For visualization of the NRPS domains and the chemical structures of the substrates by Open Babel [12] we added a JSON representation of each domain, based on the Pfam Graphics library and the SDF (structure data file) format, respectively.

NRPSDesigner database content

The information currently stored in the NRPS database was mainly retrieved from already published data [7] and extended or changed according to our own experimental results. Because of the already present domain organization and the related substrate specificities we mainly filled our database with information from the NRPS-PKS library, which saves the protein sequence of diverse NRPS, and added the missing coding sequences. Accordingly, the positions of domain boundaries and linkers had to be converted from their protein specific coordinates to DNA coordinates. In some cases manual curation was necessary, because the substrate specificity stored in the NRPS-PKS database erroneously did not agree with the published experimental results. Furthermore, several pathways seem to contain special domain types with unclear functionality. In such a case we used antiSMASH combined with in-depth literature research to clarify the correct domain functionality.
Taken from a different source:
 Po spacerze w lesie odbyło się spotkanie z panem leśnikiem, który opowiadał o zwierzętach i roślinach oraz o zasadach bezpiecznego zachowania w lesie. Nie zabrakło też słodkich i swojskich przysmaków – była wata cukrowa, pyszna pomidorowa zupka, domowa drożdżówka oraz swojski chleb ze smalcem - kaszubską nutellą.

The current progress of the database curation is shown in table 1. In total our database contains curated information about…
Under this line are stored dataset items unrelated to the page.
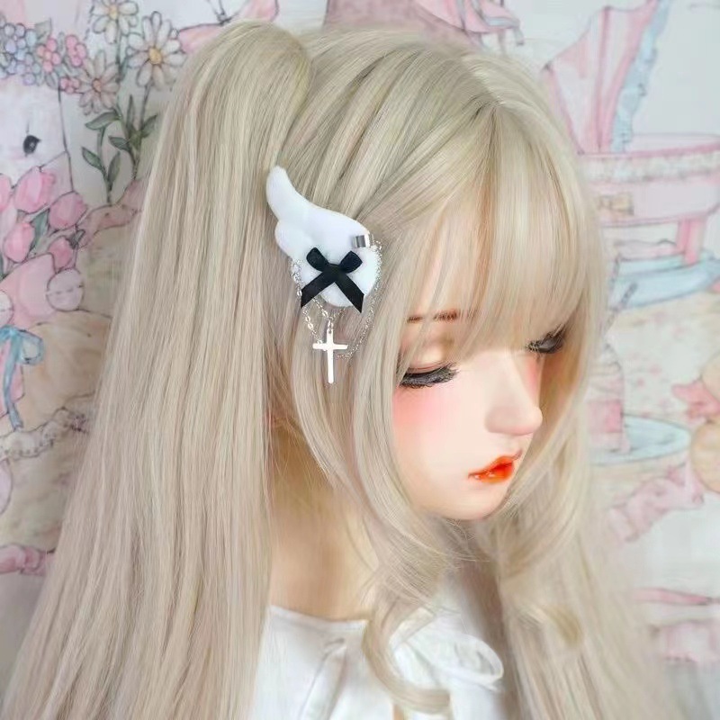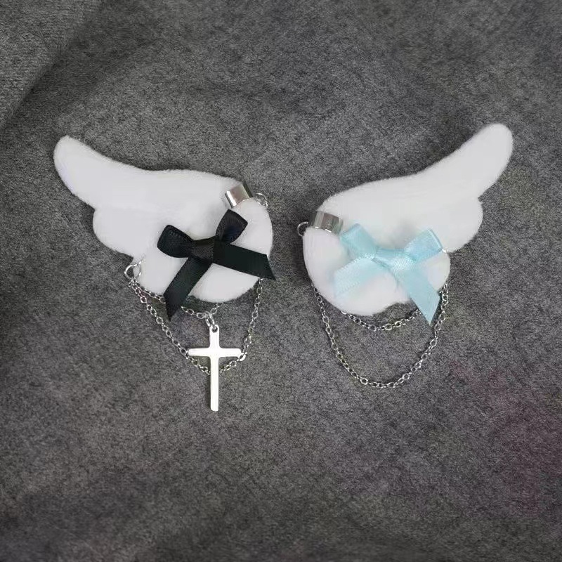 할로윈 어두운 날개 활 머리핀 체인 십자가 귀여운 가리 모자 하위 문화 클립
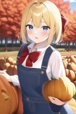 masterpiece,bestquality,1girl,loli,blondhair,shorthair,{{{{hairbow}}}},{{{{redbow}}}},blueeyes,overall,blouse,{{pumpkinpatch}},dynamicangle,autumn,
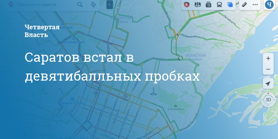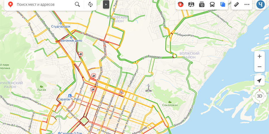 В эти минуты в Саратове наблюдаются серьезные автомобильные заторы в 9 баллов. Это следует из приложения «Яндекс.Пробки».
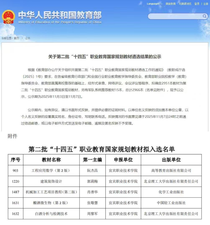 近日,教育部发布《关于第二批“十四五”职业教育国家规划教材遴选结果的公示》,在各省级教育行政部门和全国行业职业教育教学指导委员会、教育部职业院校教学(教育)指导委员会、教育部直属高校推荐的基础上,经形式审查、网络评议、会议评议等程序,我校《工程应用数学(第2版)》等5本教材成果入选,入选数在四川省高职院校中排名第4。
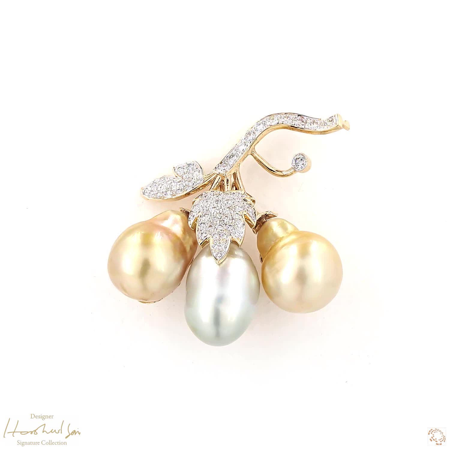Availability: In StockThese three dark pearls are like three drops of ink in a clear pool. The visionary Harshad Soni arranged them together with diamonds to create a look that is very sophisticated and modern. The pearls have a natural, wavy shape that makes them feel soft and alive. It is a powerful piece that shows how rare beauty can be both simple and very grand at the same time.
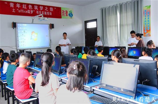 楚天都市报6月20日讯(记者王进良 通讯员刘婕 李洋洋 车瑭甜)“在Excel里面输入学生的数学成绩和姓名,在总分那一竖栏中输入=sum(c4:h4),接着进行下拉,所有学生的总分就都出来了。”18日,新葡的京集团35222vip软件工程学院“office逐梦之旅”团队,来到学校精准扶贫工作队驻点村——江陵县马家寨乡马林村的张黄小学,为该校教职工和四年级学生开展办公软件培训。
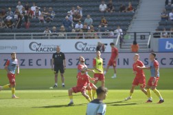 Przez kolejne minuty nie działo się zbyt wiele, ponieważ po zdobyciu drugiego gola gospodarze kradli każdą możliwą sekundę. W 77 minucie przyjęciem piłki Jacek Podgórski znalazł się w polu karnym, jednak jego strzał obronił Cojocaru.
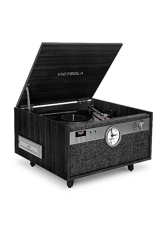 The Victrola Century 6-in-1 music centre brings elegant mid-century design to the all-in-one entertainment centre, featuring a 3-speed turntable, CD and cassette players, and Bluetooth® technology. This signature model features an illuminated analogue clock and enhanced stereo speakers.Mid-century modern 6-in-1 music centre features a 3-speed turntable, CD and cassette players, VINYLSTREAM and Bluetooth® connectivity, and a 3.5mm auxiliary input.Built-in stereo speakers provide room-filling sound.Bluetooth connectivity for streaming music from any Bluetooth-enabled device to the integrated stereo speakers.VINYLSTREAMTM output enables wireless vinyl streaming to Bluetooth® speakers and headphones.Expanded connectivity options with aux input and RCA and headphone outputs.Turntable: Belt-driven 3 speed7 inch platter (plastic)Fixed counterweightFixed headshellCartridge ITNP-LC1Inputs: Bluetooth, AUX, CD, CassetteOutputs: Vinylstream (Bluetooth), Headphone, RCADimensions approx. 41.1W x 37.9D x 19.8H cm

Extension and validation of the database

One of the core requirements for our software is the ability to detect NRPS domains. This feature enables the automatic and standardized definition of domain boundaries and also facilitates the addition of new entries into the NRPSDesigner database by the community.

Based on the antiSMASH [10] [11] program we established our own pipeline to maximize domain recognition specificity. antiSMASH is implemented in (BIO)Python and uses HMMER3 [13] and thus, could be easily integrated in our framework. To improve domain recognition especially for the Adenylation/Oxidation/Adenylation (AOxA) domain of IndC, a HMM profile of the AOxA domain appearing in diverse indigoidine synthetases was constructed and added to the pipeline. Also, the Adenylation domain HMM (from Pfam, id PF00501.21) of antiSMASH was replaced by the HMM of the Maryland tool(special thanks to Prof. Jacques Ravel for providing us with the seed alignment). Note, that the start boundary for the A domain varied a lot depending on the prediction tool used (Fig. 3) . We chose the Maryland HMM, because it agreed most with our Tyrocidine experiments, as well as previously published results [14]. Furthermore, Thiolation domains have been split into two categories, depending on whether an epimerisation domain follows or not, as experimental evidence has shown that their functionality differs [15].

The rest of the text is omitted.